● **WHAT IS BEING ASKED**: Each line, starting at the one with "Мненията за актьорската" and running to the end of the data below, is to be set down again exactly, both ends included; leave pictures out.

### DATA SECTION ###

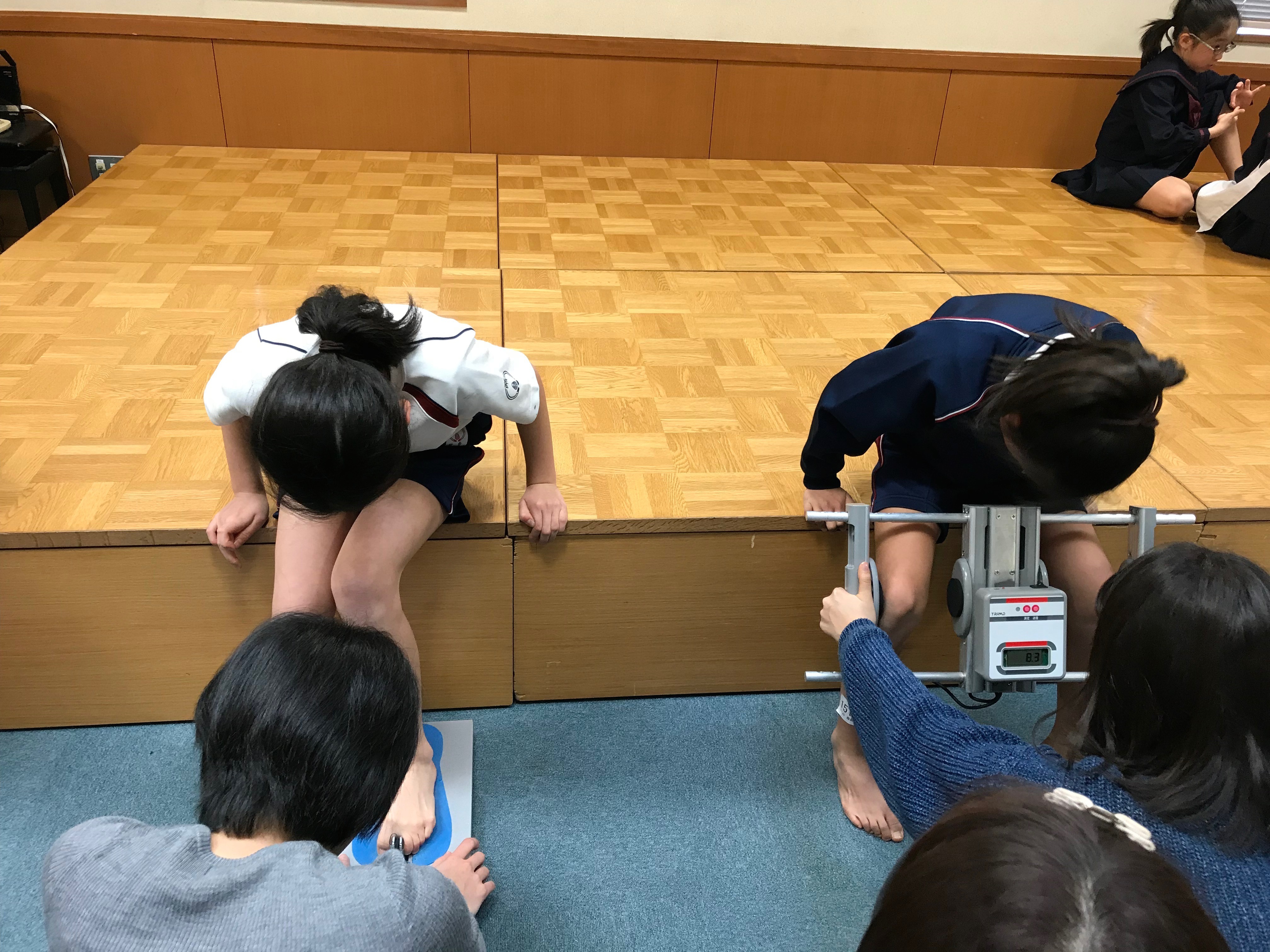 本校では大阪大学山下先生ご協力のもと足裏測定を実施しています。足指や膝の力を測定したり、骨の状態をチェックしたりすることで、足の健康の保持増進に努めています。
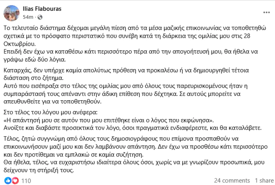 «Το τελευταίο διάστημα δέχομαι μεγάλη πίεση από τα μέσα μαζικής επικοινωνίας να τοποθετηθώ σχετικά με το πρόσφατο περιστατικό που συνέβη κατά τη διάρκεια της ομιλίας μου στις 28 Οκτωβρίου.
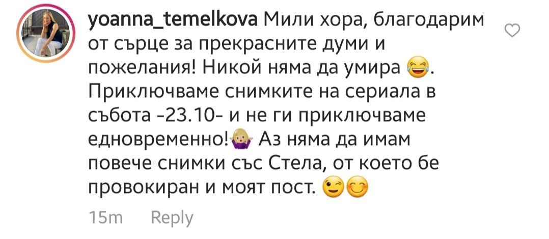 Мненията за актьорската игра на Искра Донова и Стойо Мирков в сериала са смесени. Някои хора ги смятат за талантливи актьори, докато други ги критикуват. Въпреки това, като цяло форумът изразява разбирането, че актьорите не трябва да се бъркат с техните герои, като се отбелязва, че те са актьори и не трябва да бъдат мразени заради ролята, която играят.
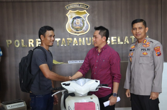 EKSISNEWS.COM, Tapanuli Selatan – Kurnia Pakpahan (37), korban pencurian dengan pemberatan (Curat), mengucapkan terima kasih ke Kapolres Tapanuli Selatan (Tapsel), AKBP Imam Zamroni, SIK, MH, Kasat Reskrim, AKP Rudy Saputra, SH, MH, serta jajaran, karena sepeda motornya yang sempat dicuri, kini sudah kembali lagi kepadanya.

###

● **WRITTEN SOLUTION**:
 Мненията за актьорската игра на Искра Донова и Стойо Мирков в сериала са смесени. Някои хора ги смятат за талантливи актьори, докато други ги критикуват. Въпреки това, като цяло форумът изразява разбирането, че актьорите не трябва да се бъркат с техните герои, като се отбелязва, че те са актьори и не трябва да бъдат мразени заради ролята, която играят.
 EKSISNEWS.COM, Tapanuli Selatan – Kurnia Pakpahan (37), korban pencurian dengan pemberatan (Curat), mengucapkan terima kasih ke Kapolres Tapanuli Selatan (Tapsel), AKBP Imam Zamroni, SIK, MH, Kasat Reskrim, AKP Rudy Saputra, SH, MH, serta jajaran, karena sepeda motornya yang sempat dicuri, kini sudah kembali lagi kepadanya.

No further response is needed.